Vanishing Waves opens the door for a personal human exploration due its levelheaded managing of the tech, driven by the gripping -- albeit self-controlled -- visual temperament of Aurora's mental space. Focused on the frailty of the boundaries that separate reality, memory, emotion, and mental fabrication, Buozyte not only shows an interest in those lines, but also how they're crossed and react to the psychological integrity of both the research subject and the researcher. This happens almost entirely within the arresting imagery captured by cinematographer Feliksas Abrukauskas that twists the conventions of a dream-like space: ethereal waves and clouds, a boxy half-erected domicile, and the expanses of an isolated beach, forming an environment that's as eerie as it is familiarly idyllic. This isn't a project that purely wants to occupy the audience's mind with whimsical visuals, though, as doing so would distract from the human perspective it conveys about it being a space easily mistaken for reality or fantasy.

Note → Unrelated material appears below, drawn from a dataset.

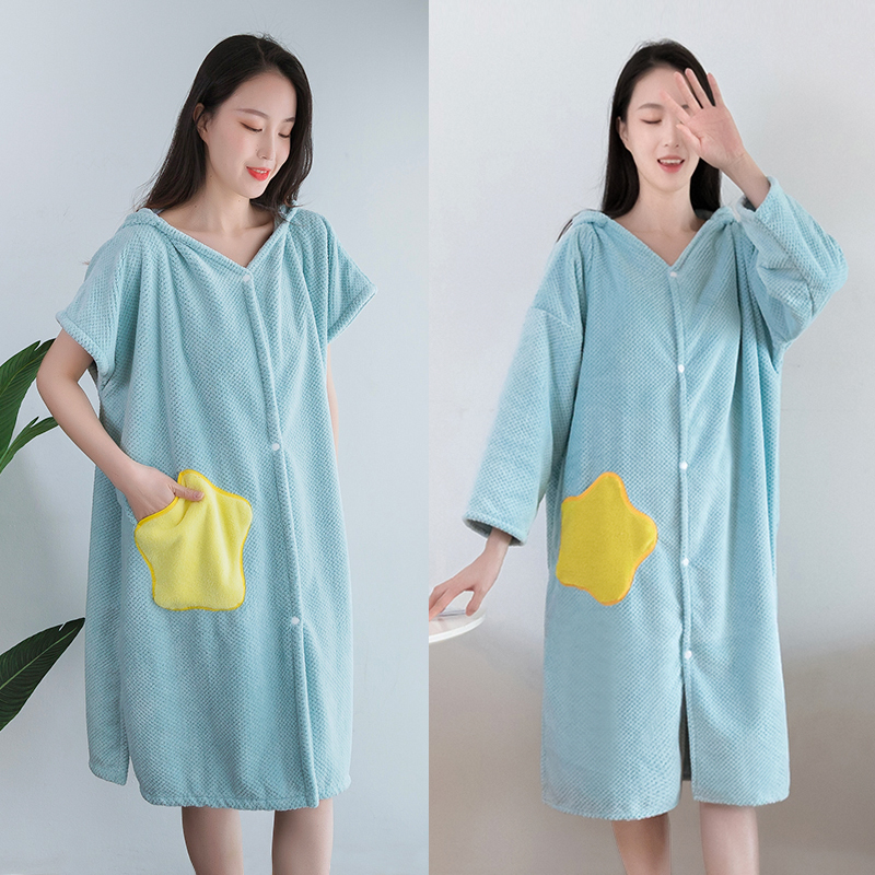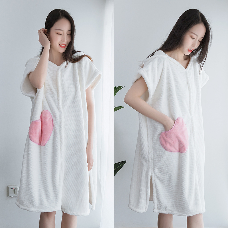 Can wear bath towel with hat home women can wrap the new style than pure cotton water absorption fast drying is not easy to fall off the cape bath skirt

It'd be natural to assume that the relationship between Lukas and Aurora would revolve around conversation -- calls of anxiety from a mind trapped in a comatose body wouldn't feel out-of-place -- but for the most part Vanishing Waves chooses to avoid straightforward communication in lieu of obscure, sensory-driven contact, a raw melding of synapses and dreamscapes. Part of that boils down to the roots of Buozyte's artistic desires: there's a degree of overt eroticism in their time together that's both intentionally provocative and undeniably poetic, where their passion delves into something closer to a Freudian psychosexual interaction. Calling their relationship a "romance" would probably be inaccurate, as would judging the chemistry between actors Jurga Jutaite and Marius Jampolskis based on that convention; their intimacy is raw, playful, confusing, and at times eerily vacant. Perhaps that's part of the intent and perhaps it isn't, but either way it's easy to comprehend why Lukas would become enamored.

Driven by soul-stirring music and progressively involved visual motifs, such as an almost Cronenberg-like melding of writhing bodies and distressing glimpses at memories, very little of Vanishing Waves stays clear-cut as it approaches its bittersweet conclusion. Director Buozyte allows these vivid sensations to remain Lukas' and Aurora's guiding force through sly abstractions, extended shots in the vein of Andrei Tarkovsky or Stanley Kubrick, and even subtle meta-hints towards what the director aims to accomplish (there's a moment where Lukas plays a gorgeous video-game, ICO, involving a protagonist leading a ghostly girl out of their prison world). Whether some images linger longer than necessary for the point to get across doesn't really matter: none of them are devoid of relevance, no matter how lengthy, conceptual, or sensual. They create a captivating, often lurid mosaic that escalates in tension, conveying enough emotional clarity to justify their duration as a stunning examination of the human brain's mystique.